Below are some records. Retype exactly the lines from the one containing "Podkładka pod mysz, ładowarka" through the one containing "朝1限、教室の準備をしようと", both included, skipping every picture.

### Provided data
|---|

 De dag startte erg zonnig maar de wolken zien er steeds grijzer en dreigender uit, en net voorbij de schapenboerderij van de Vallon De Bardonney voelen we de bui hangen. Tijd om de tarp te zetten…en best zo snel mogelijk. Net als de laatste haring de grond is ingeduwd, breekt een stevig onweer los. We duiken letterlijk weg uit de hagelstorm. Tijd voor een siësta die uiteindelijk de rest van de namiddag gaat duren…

|---|

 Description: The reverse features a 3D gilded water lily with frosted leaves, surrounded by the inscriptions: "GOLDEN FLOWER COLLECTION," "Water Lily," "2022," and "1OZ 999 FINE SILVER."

|---|

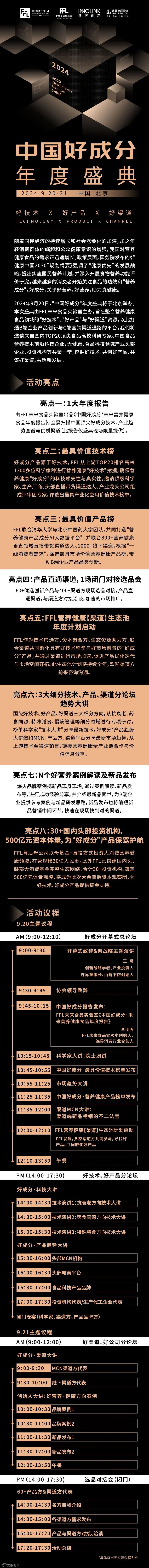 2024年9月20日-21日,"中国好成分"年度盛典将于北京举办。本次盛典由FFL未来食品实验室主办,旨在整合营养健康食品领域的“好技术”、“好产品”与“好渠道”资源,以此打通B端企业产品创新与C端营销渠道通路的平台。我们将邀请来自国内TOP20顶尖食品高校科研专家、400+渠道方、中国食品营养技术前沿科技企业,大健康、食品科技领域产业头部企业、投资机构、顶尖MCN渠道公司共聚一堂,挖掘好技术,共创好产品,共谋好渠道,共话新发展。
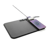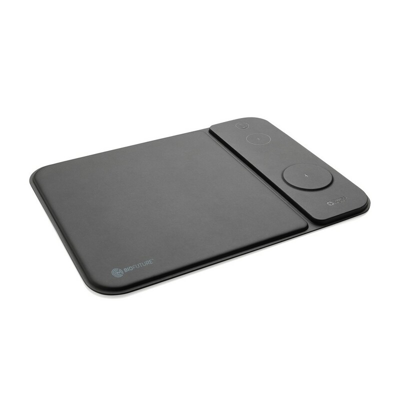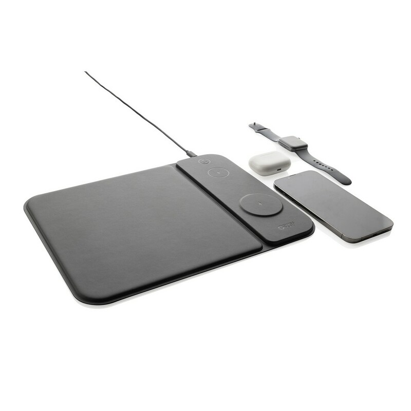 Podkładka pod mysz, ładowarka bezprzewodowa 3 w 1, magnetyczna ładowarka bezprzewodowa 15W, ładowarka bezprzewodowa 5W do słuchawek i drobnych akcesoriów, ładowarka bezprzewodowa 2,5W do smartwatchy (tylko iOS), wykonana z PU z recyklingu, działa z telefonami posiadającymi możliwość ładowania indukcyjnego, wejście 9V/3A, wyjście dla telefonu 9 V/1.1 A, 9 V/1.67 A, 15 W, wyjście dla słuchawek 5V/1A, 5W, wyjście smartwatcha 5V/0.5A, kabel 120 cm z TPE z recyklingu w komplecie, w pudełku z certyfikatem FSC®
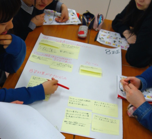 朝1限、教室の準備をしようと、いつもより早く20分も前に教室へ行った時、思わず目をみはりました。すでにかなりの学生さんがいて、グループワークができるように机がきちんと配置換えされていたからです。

|---|

### Solved problem
 Podkładka pod mysz, ładowarka bezprzewodowa 3 w 1, magnetyczna ładowarka bezprzewodowa 15W, ładowarka bezprzewodowa 5W do słuchawek i drobnych akcesoriów, ładowarka bezprzewodowa 2,5W do smartwatchy (tylko iOS), wykonana z PU z recyklingu, działa z telefonami posiadającymi możliwość ładowania indukcyjnego, wejście 9V/3A, wyjście dla telefonu 9 V/1.1 A, 9 V/1.67 A, 15 W, wyjście dla słuchawek 5V/1A, 5W, wyjście smartwatcha 5V/0.5A, kabel 120 cm z TPE z recyklingu w komplecie, w pudełku z certyfikatem FSC®
 朝1限、教室の準備をしようと、いつもより早く20分も前に教室へ行った時、思わず目をみはりました。すでにかなりの学生さんがいて、グループワークができるように机がきちんと配置換えされていたからです。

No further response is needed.